An article today from the Associated Press (hat tip: James Taranto) addressed the idea of Senator Lieberman switching parties.
Lieberman on Sunday repeated his pledge to caucus with Senate Democrats when the 110th Congress convenes in January, but refused to slam the door on possibly moving to the Republican side of the aisle.
Asked on NBC’s “Meet the Press” if he might follow the example of Sen. Jim Jeffords of Vermont, who left the Republicans in 2001 and became an independent, ending Republican control of the U.S. Senate, Lieberman refused to discount the possibility.
“I’m not ruling it out but I hope I don’t get to that point,” he said. “And I must say–and with all respect to the Republicans who supported me in Connecticut–nobody ever said, ‘We’re doing this because we want you to switch over. We want you to do what you think is right and good for our state and country,’ and I appreciate that.” (emphasis added)
Senator Lieberman recognizes, as this blog has pointed out numerous times (here, here, here, and here), that he was elected over Lamont because of his ongoing support for the war in Iraq. People in Connecticut were given a choice between two candidates who are about equally liberal with the only discerning disagreement between the two being the war. Connecticut is a liberal state that was won by John Kerry. And they voted for a Senator who supports the war. We repeat again because some of you aren’t listening: last week’s election was not a call to bring the troops home. It was a justified reaction to corruption and perhaps mismanagement in Iraq. But it was not a call for immediate withdrawal.
If, as voters left their local polling places in Connecticut, they told interviewers that the most important issue driving their vote was Iraq and they voted for Lamont, we would be discouraged. This would have signaled that voters were electing people they thought would bring our troops home immediately.
But that wasn’t what happened. They left their polling places, and told exit poll workers that the most important issue was corruption. Iraq was a close second. So, Republicans lose because of corruption and mismanagement. Liberal, pro-war Democrats like Lieberman beat liberal anti-war Democrats like Lamont and signal to us and everyone else that Americans want a change in Congress, but they recognize the importance of winning in Iraq.

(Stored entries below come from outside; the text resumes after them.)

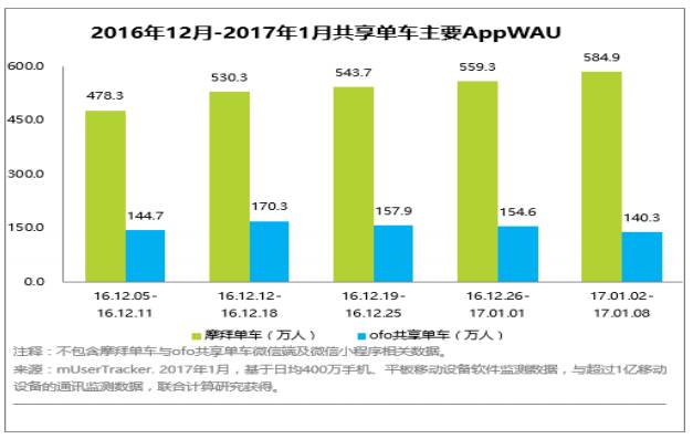 通过分析mUserTracker发布的监测数据,Mobike摩拜单车App与ofo共享单车App用户相对于其他共享单车,规模上占有领先的优势,周度活跃用户(weekly active users),简称WAU,不论是摩拜单车还是ofo共享单车,在2016年12月均已达到百万量级以上,成为移动出行行业中覆盖率较高的应用。不过,下图数据显示,计算出摩拜单车周活跃用户量已经是ofo 4.2 倍,日均总有效使用时间达ofo 3.6倍。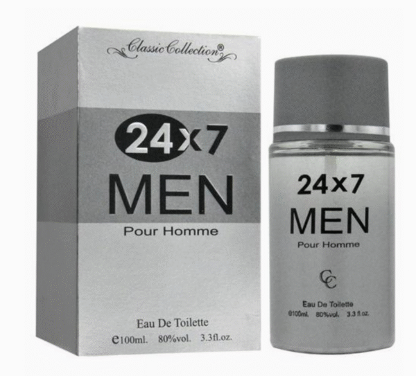 24X7 3.3 oz EDT for Men: A crisp, energizing fragrance for men featuring bright citrus and aromatic spices at the top, transitioning into a fresh herbal heart and settling on a clean woody‑musk base—perfect for daily wear.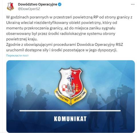 "У ранкові години в повітряний простір Республіки Польща з боку кордону з Україною влетів невідомий повітряний об'єкт, який з моменту перетину кордону і до моменту зникнення сигналу спостерігався радіолокаційними засобами системи протиповітряної оборони країни. Відповідно до чинних процедур, оперативний командувач задіяв наявні в його розпорядженні сили та засоби" – йдеться у повідомленні.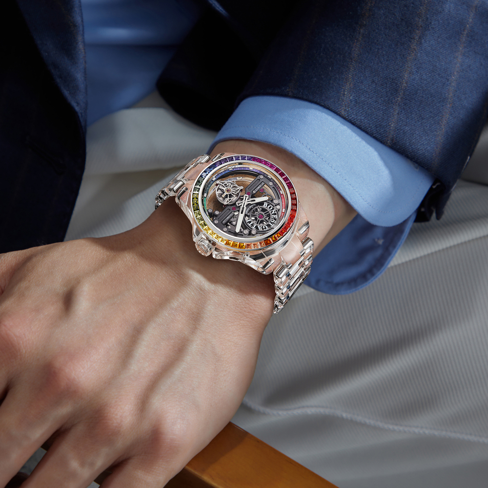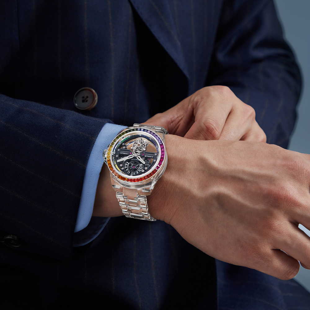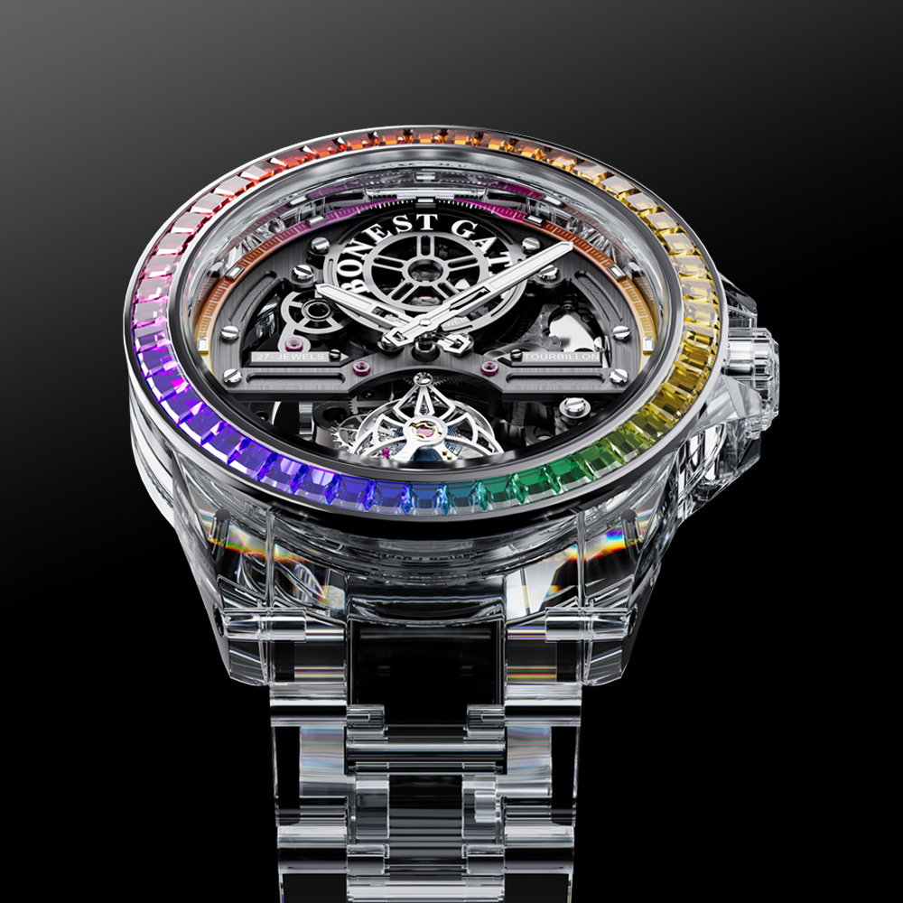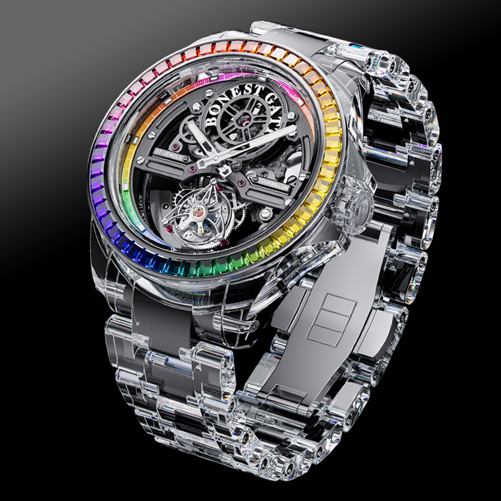 Bonest Gatti 寶加地【彩虹陀飛輪系列】以顛覆性的全透表殼設計,打破人與機械之間的界限,讓時間不再只是被讀取,而能被看見、被感受、被駕馭。透出新視界,重塑時間輪廓。大膽採用整體高強度透明水晶玻璃打造錶殼與錶帶,透徹無瑕的光澤仿若漂浮於空氣中的時光立體模型。不論是手腕翻轉之間的光線折射,或是錶面下機芯轉動的機械律動,都被水晶包覆出一種幾近超現實的感官體驗。當機械不再被隱藏,當光影成為語言,陀飛輪二代 — 運行於腕間的宇宙。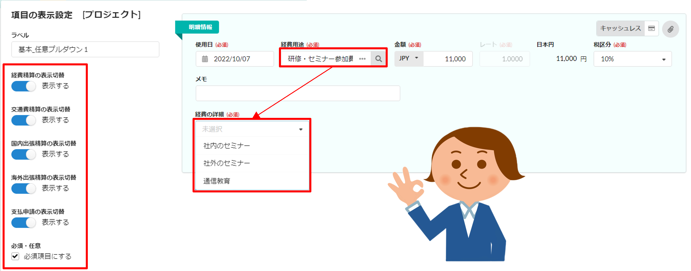 自社の経費処理で必要となる入力項目を追加することができます。また、項目名の表示変更、項目の任意・必須の切り替え、プルダウンリストは他の項目と関連づけて、選択した内容により、次に選択する項目を絞り込み表示することが可能で、経理担当者が管理画面から簡単に設定できます。本機能により、自社特有の事情に合わせた申請画面を設定することで、備考欄を使った個別運用などの手間がかかる作業がなくなり、経費申請ミスを減らすことができます。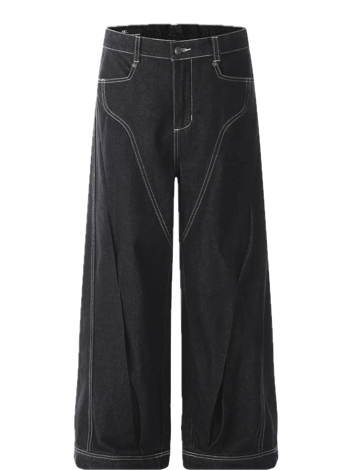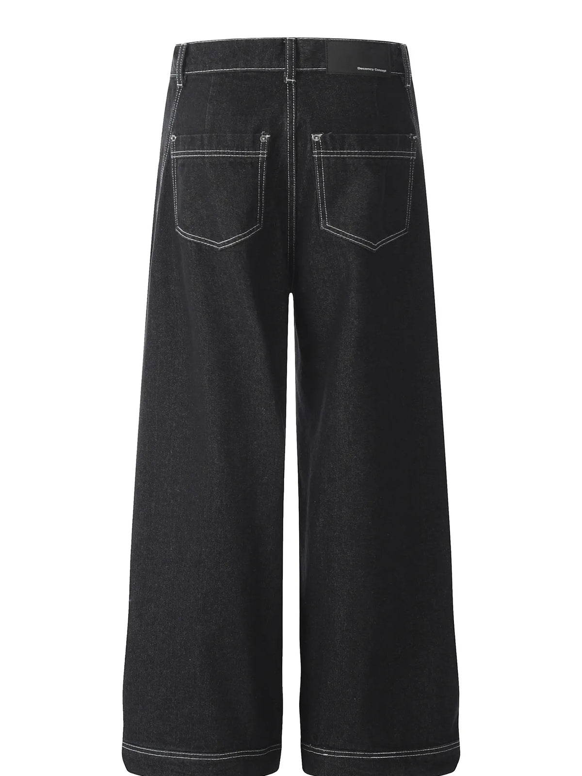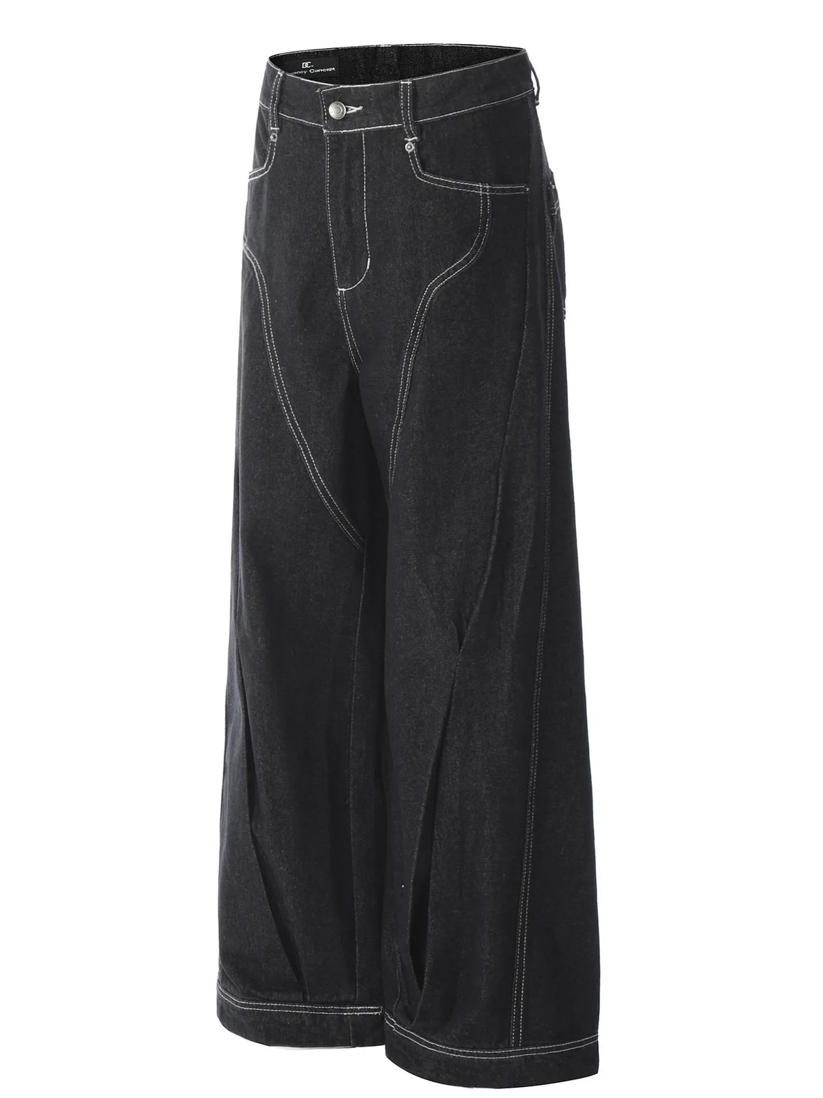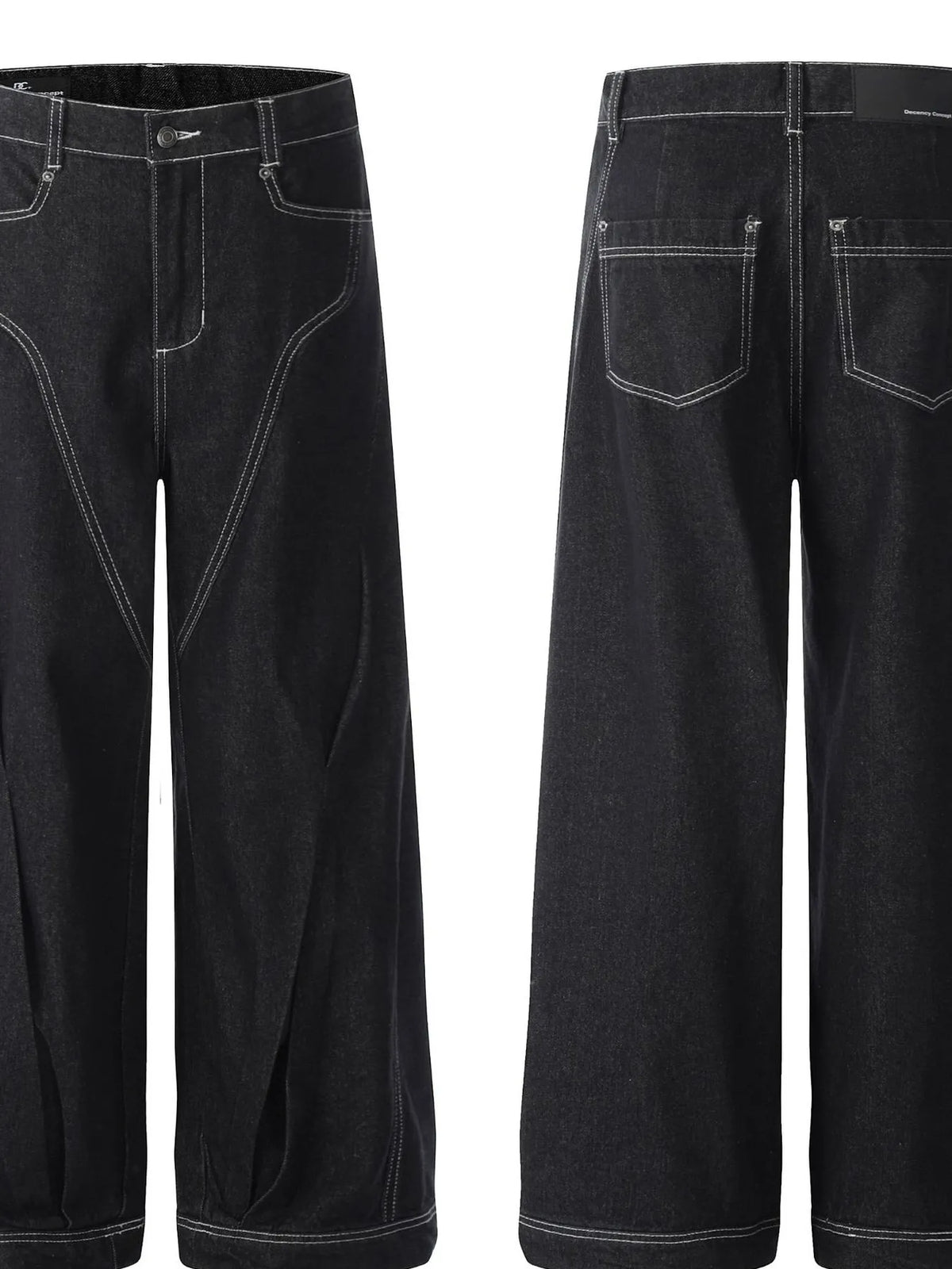 Mens Wide Leg Jeans with Contrast Stitching Pocketed Loose Fit Denim Pants Casual Everyday Trousers Durable Essential
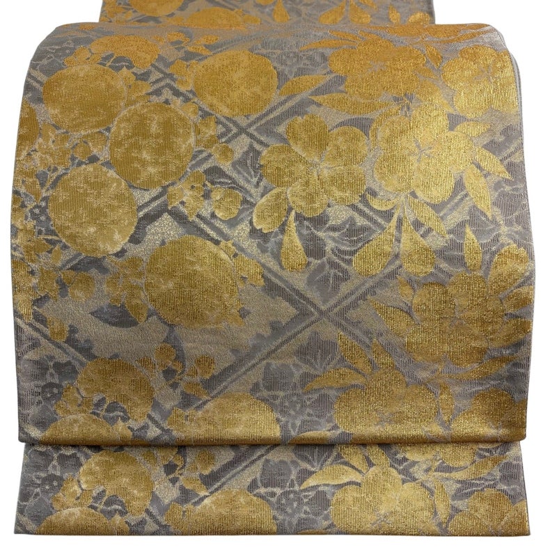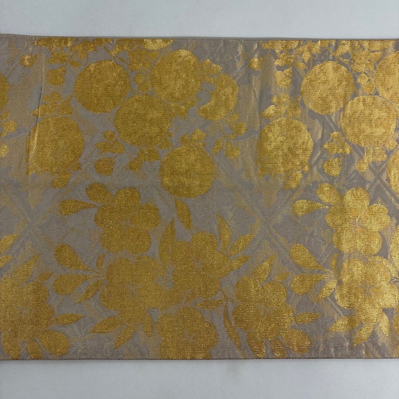 セミフォーマルでお使いいただける袋帯でございます。 見る人に重たい印象を感じさせない女性ならではの、気品豊かな一品です。 帯芯が入っておりません。 締め跡がございます。 締め跡沿いに薄汚れとシワ、手先に生地のヨレがございます。 リユース品としては目立った染み傷なく、状態の良いお品でございます。 ※なお、厳しく商品の状態確認を行っておりますが、記載の汚れ以外にも見落とし箇所がある可能性がある旨ご了承いただけますと幸いです。 沢山の商品の中からご覧いただき誠にありがとうございます。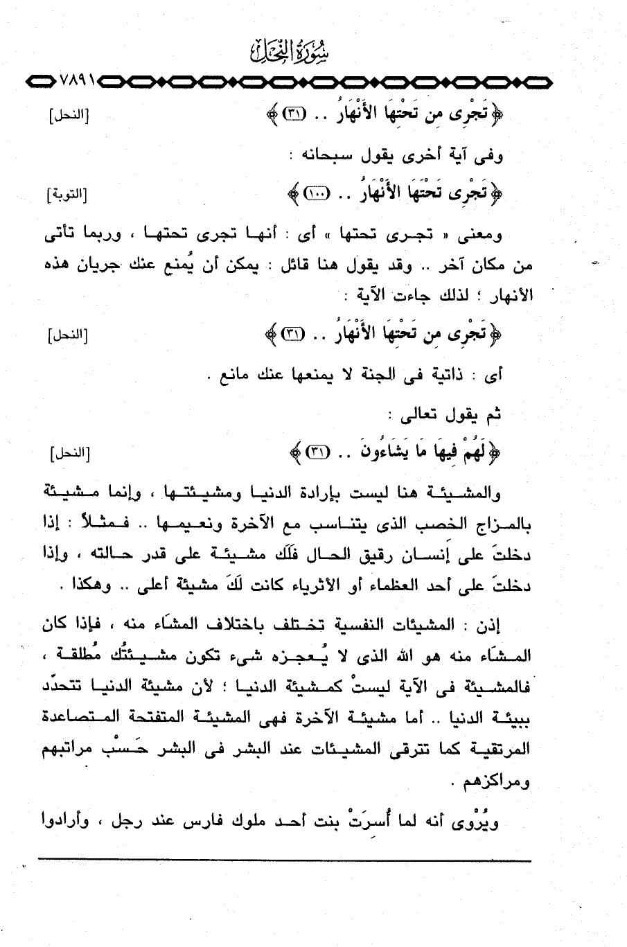 {تَجْرِي مِن تَحْتِهَا الأنهار} [النحل: 31] .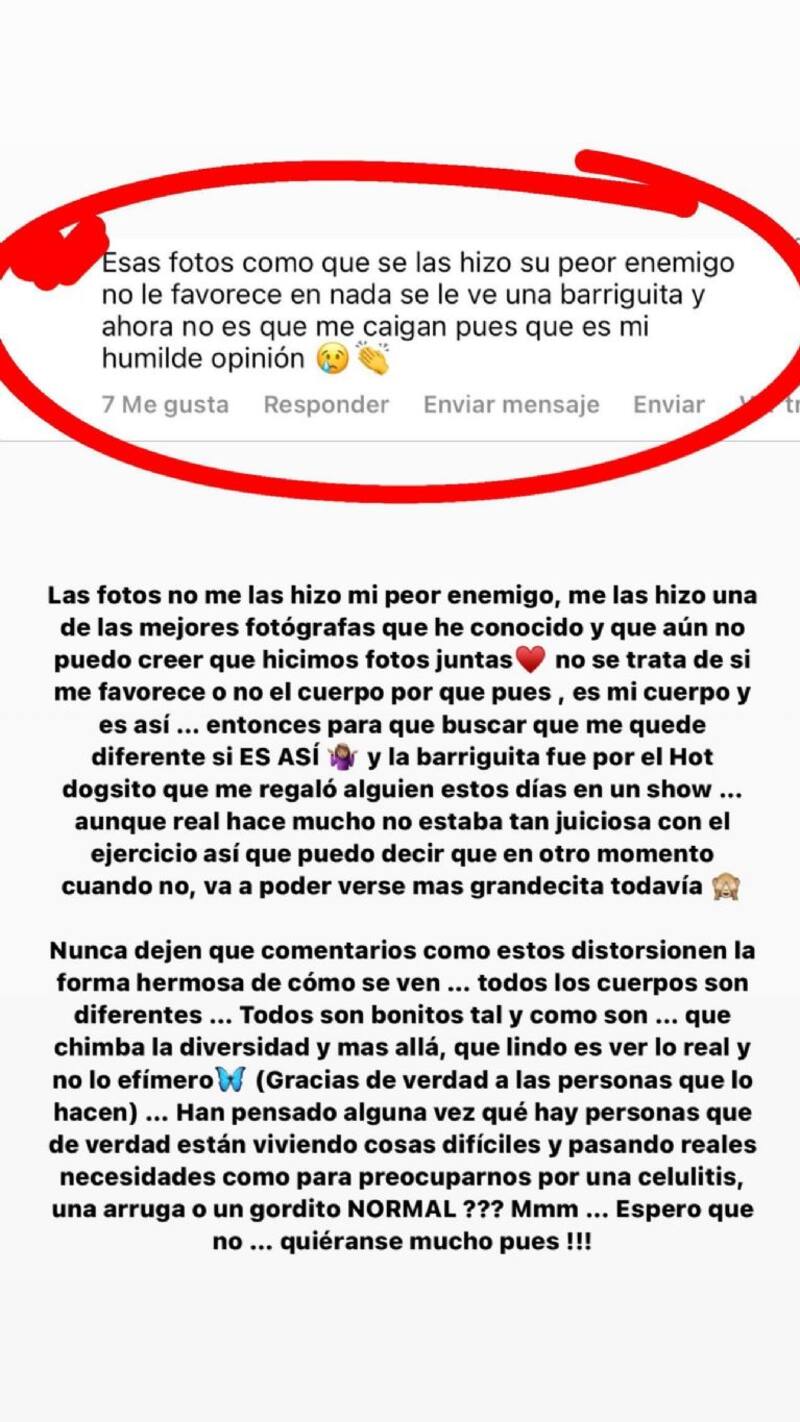 “¿Han pensado alguna vez que hay personas que de verdad están viviendo cosas difíciles y pasando reales necesidades como para preocuparnos por una celulitis, una arruga o un gordito normal? Mmm … espero que no. Quiéranse mucho pues”, cerró la cantante, que agradeció los buenos comentarios e hizo un llamado a apreciar la diversidad de cuerpos y “ver lo real y no lo efímero”.

And we hope that now Democrats will engage the war in a constructive way rather than the critical posture they adopted once things started looking bad. With any luck, dems follow the example of Joe Lieberman, rather than opportunists like John Murtha.
It’s unfortunate that good men like Senators Santorum (a particularly outspoken leader in the War on Terror) and Talent and Senate hopeful Michael Steele lost, but we are relieved that it wasn’t because Americans want to leave Iraq ASAP.
Even then, the numbers weren’t that much of a landslide, as Time magazine blogger Mike Allen pointed out on the 10th of November (hat tip: Taranto, again):
The Republican National Committee has been pointing out that a small shift in votes would have made a big difference. A shift of 77,611 votes would have given Republicans control of the House, according to Bush’s political team. And a shift of 2,847 votes in Montana, or 7,217 votes in Virginia, or 41,537 votes in Missouri would have given a Republicans control of the Senate.
But you wont find us shrieking for a recount a la Angry Left circa 2000, 2004, et al.
It’s enough to know that the election wasn’t the tsunamitidalwavemassiveshift of a vote as sold by the spinmeisters in the MSM.